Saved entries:
◇ ◇ ◇ ◇

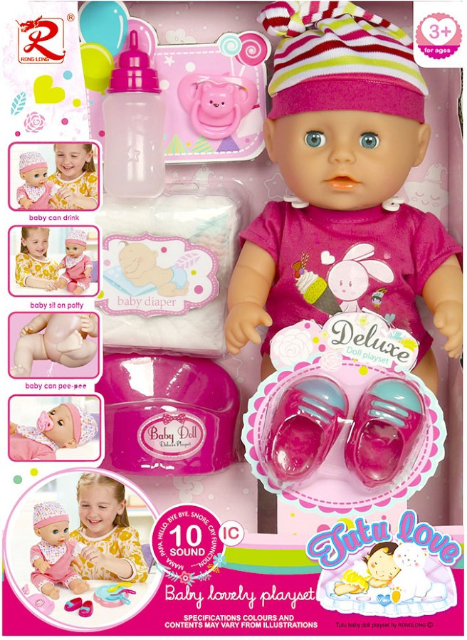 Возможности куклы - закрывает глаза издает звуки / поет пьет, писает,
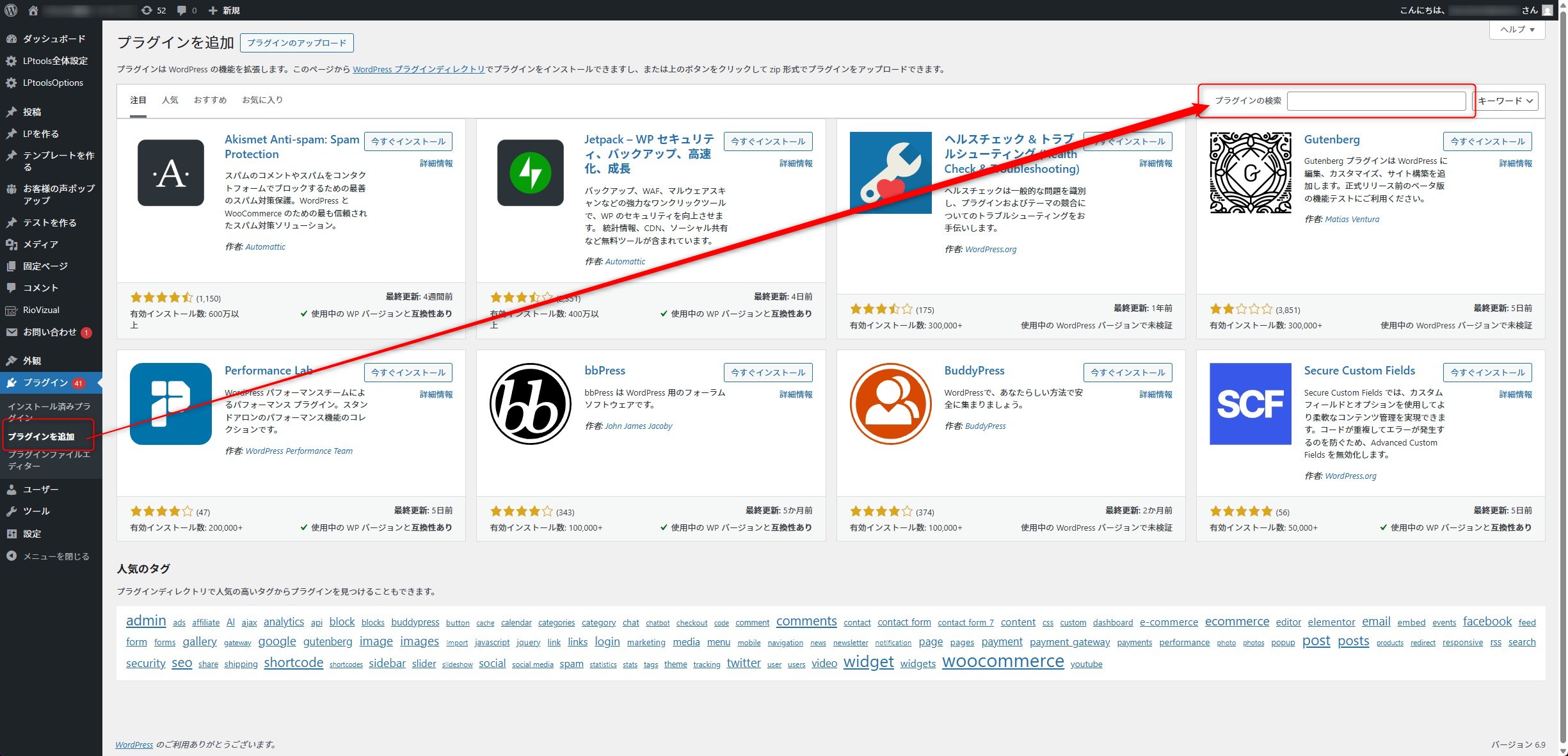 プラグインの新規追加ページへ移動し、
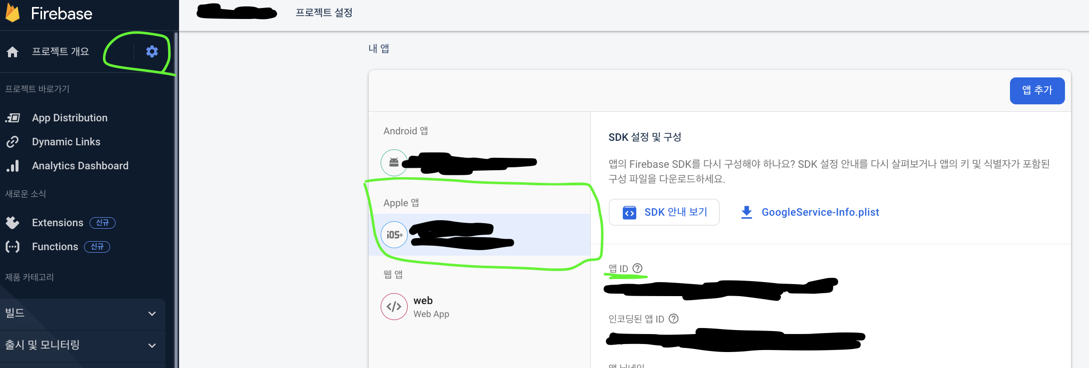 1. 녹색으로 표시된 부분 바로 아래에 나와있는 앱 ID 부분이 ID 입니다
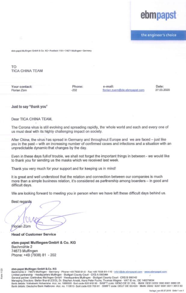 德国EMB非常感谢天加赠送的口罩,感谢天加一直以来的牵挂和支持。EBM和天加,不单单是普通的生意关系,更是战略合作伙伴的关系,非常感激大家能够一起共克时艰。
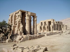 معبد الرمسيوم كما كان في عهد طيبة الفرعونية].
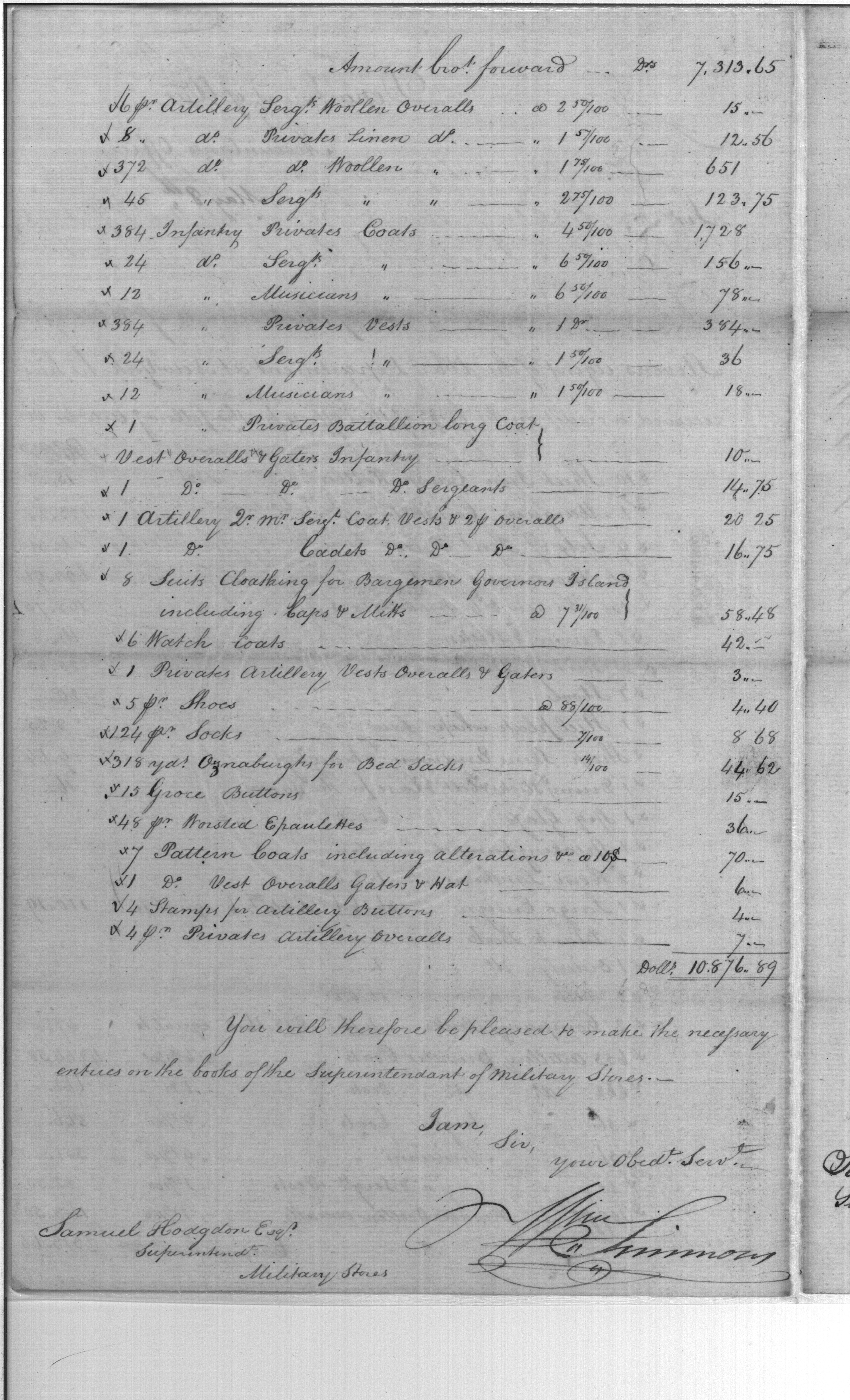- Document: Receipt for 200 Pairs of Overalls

◇ ◇ ◇ ◇

▸ ACTION ITEM: Exactly as they appear, repeat the lines from the one containing "德国EMB非常感谢天加赠送的" through the last line of the entries, counting both ends. Pictures stay out.

▸ RESPONSE TO THIS TASK:
 德国EMB非常感谢天加赠送的口罩,感谢天加一直以来的牵挂和支持。EBM和天加,不单单是普通的生意关系,更是战略合作伙伴的关系,非常感激大家能够一起共克时艰。
 معبد الرمسيوم كما كان في عهد طيبة الفرعونية].
- Document: Receipt for 200 Pairs of Overalls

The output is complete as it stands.